Non-Invasive Prenatal Diagnosis of Monogenic Disorders Through Bayesian- and Haplotype-Based Prediction of Fetal Genotype

Abstract

Background: Non-invasive prenatal diagnosis (NIPD) can identify monogenic diseases early during pregnancy with negligible risk to fetus or mother, but the haplotyping methods involved sometimes cannot infer parental inheritance at heterozygous maternal or paternal loci or at loci for which haplotype or genome phasing data are missing. This study was performed to establish a method that can effectively recover the whole fetal genome using maternal plasma cell-free DNA (cfDNA) and parental genomic DNA sequencing data, and validate the method's effectiveness in noninvasively detecting single nucleotide variations (SNVs), insertions and deletions (indels). Methods: A Bayesian model was developed to determine fetal genotypes using the plasma cfDNA and parental genomic DNA from five couples of healthy pregnancy. The Bayesian model was further integrated with a haplotype-based method to improve the inference accuracy of fetal genome and prediction outcomes of fetal genotypes. Five pregnancies with high risks of monogenic diseases were used to validate the effectiveness of this haplotype-assisted Bayesian approach for noninvasively detecting indels and pathogenic SNVs in fetus. Results: Analysis of healthy fetuses led to the following accuracies of prediction: maternal homozygous and paternal heterozygous loci, 96.2 ± 5.8%; maternal heterozygous and paternal homozygous loci, 96.2 ± 1.4%; and maternal heterozygous and paternal heterozygous loci, 87.2 ± 4.7%. The respective accuracies of predicting insertions and deletions at these types of loci were 94.6 ± 1.9%, 80.2 ± 4.3%, and 79.3 ± 3.3%. This approach detected pathogenic single nucleotide variations and deletions with an accuracy of 87.5% in five fetuses with monogenic diseases. Conclusions: This approach was more accurate than methods based only on Bayesian inference. Our method may pave the way to accurate and reliable NIPD.

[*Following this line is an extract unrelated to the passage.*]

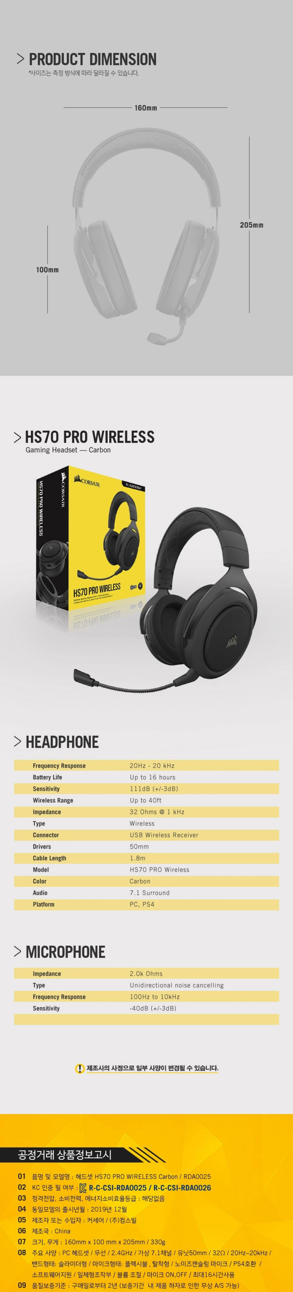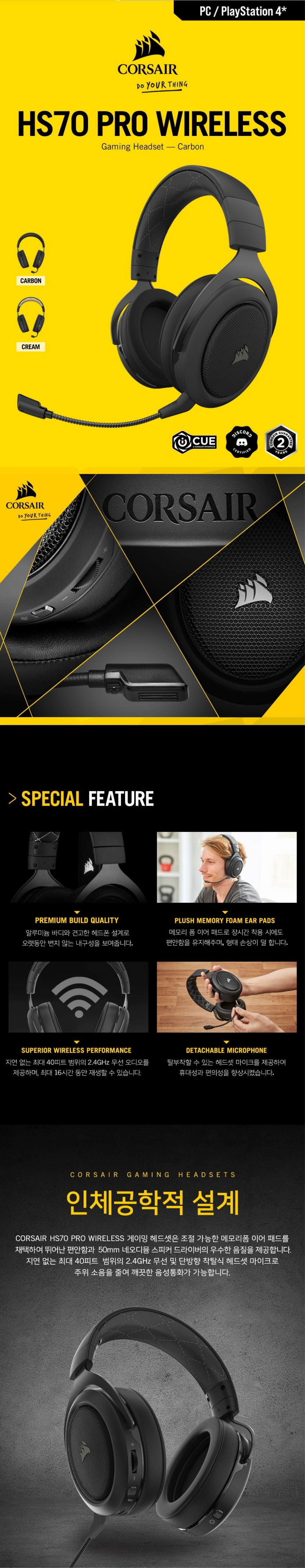 커세어 HS70 프로 무선 게이밍 헤드셋 카본
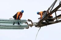 Perched 45 metres (148 feet) high, young apprentice electricians replace a connection atop a pylon. In the UK, National Grid recruitment is at…

Keywords: fetal genome; massively parallel sequencing; monogenic disease; non-invasive prenatal diagnosis; single nucleotide variations.

FIGURE 1

Schematic of this study. We first recruited five families and performed stLFR sequencing of parental genomic DNA and genome sequencing of cell-free DNA in maternal plasma. The fetal genome was successfully inferred using a combination of Bayesian- and haplotype-based prediction. Genome sequencing of fetal DNA in umbilical cord blood was used to determine the accuracy of our genotype inferences. WGS, whole genome sequencing, NIPD, non-invasive prenatal diagnosis; stLFR, single-tube long fragment reads.

FIGURE 2

Non-invasive fetal genomic analysis based on cell-free DNA in maternal plasma. Parental combinations of single-nucleotide polymorphisms (SNVs) and insertions-deletions (InDel) were grouped into four types, each of which we predicted using a different strategy (see Methods). AA, homozygous; AB, heterozygous; SPRT, sequential probability ratio testing.

FIGURE 3

Comparison of how accurately fetal genotypes were inferred using the Bayesian model alone, the haplotype-based method alone, or the two methods together for (A) ABAA and (B) ABAB loci.